The National Retail Federation today supported a House bill that would increase funding for the Consumer Product Safety Commission, but said more time is needed to implement proposed new lead standards and that some provisions could hamper safety efforts.
Retailers are committed to ensuring that the products on their shelves are of the highest quality and meet all applicable health and safety regulations,” NRF Senior Vice President for Government Relations Steve Pfister said. “We applaud the efforts of Congress to seek to improve the processes within the CPSC while giving them additional resources. However, we are concerned that some of the provisions may weaken the product recall process instead of strengthening it.”
Pfister’s comments came in a letter to members of the House Energy and Commerce Committee. The committee is scheduled to vote today on H.R. 4040, the Consumer Product Safety Modernization Act, sponsored by Commerce, Trade and Consumer Protection Subcommittee Chairman Bobby Rush, R-Ill., and co-sponsored by full committee Chairman John Dingell, D-Mich. Among other provisions, the bill would double annual funding for the short-staffed CPSC to $142 million and increase its maximum civil penalty to $10 million from the current $1.8 million.
NRF supports many elements of the legislation, including the increased funding, tracking labels that would help identify recalled items, expedited development and implementation of CPSC regulations, and a prohibition on the sale of recalled products.
Pfister said NRF supports efforts to reduce lead content in children’s products as long as levels are established through the use of sound science, are practical and feasible to achieve, but that the 180 days provided in the bill to adopt new standards is unworkable.

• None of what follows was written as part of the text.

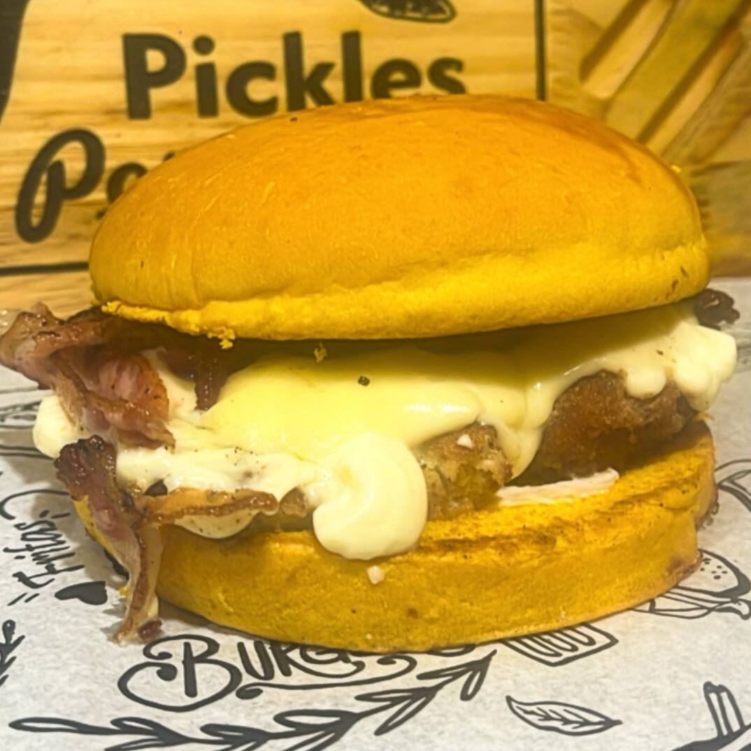 Pão de brioche, frango empanado frito, Catupiry, bacon e maionese.

“The current 180-day implementation in the bill would be incredibly difficult for industry to achieve,” Pfister said. “Retailers are currently placing orders for products today that will be on the store shelves next fall. These products are being manufactured to specifications that meet the current standards set by the CPSC. While companies understand that new lead levels will be established, they are not sure what those levels will be and need to be given appropriate time to meet those standards. Retailers must be given at least a year to work with their vendor partners to implement these new significant changes.”
Pfister said NRF supports a provision in the bill restating the current authority of state attorneys general to seek injunctive relief in product safety cases. But NRF would oppose any attempt to match provisions in Senate legislation that would allow attorneys general to sue for unlimited damages.
NRF would also oppose attempts to weaken protection currently afforded to companies that voluntarily share information with CPSC. Eliminating such protection could unduly alarm consumers, harm companies and serve as a deterrent for voluntarily sharing information, Pfister said.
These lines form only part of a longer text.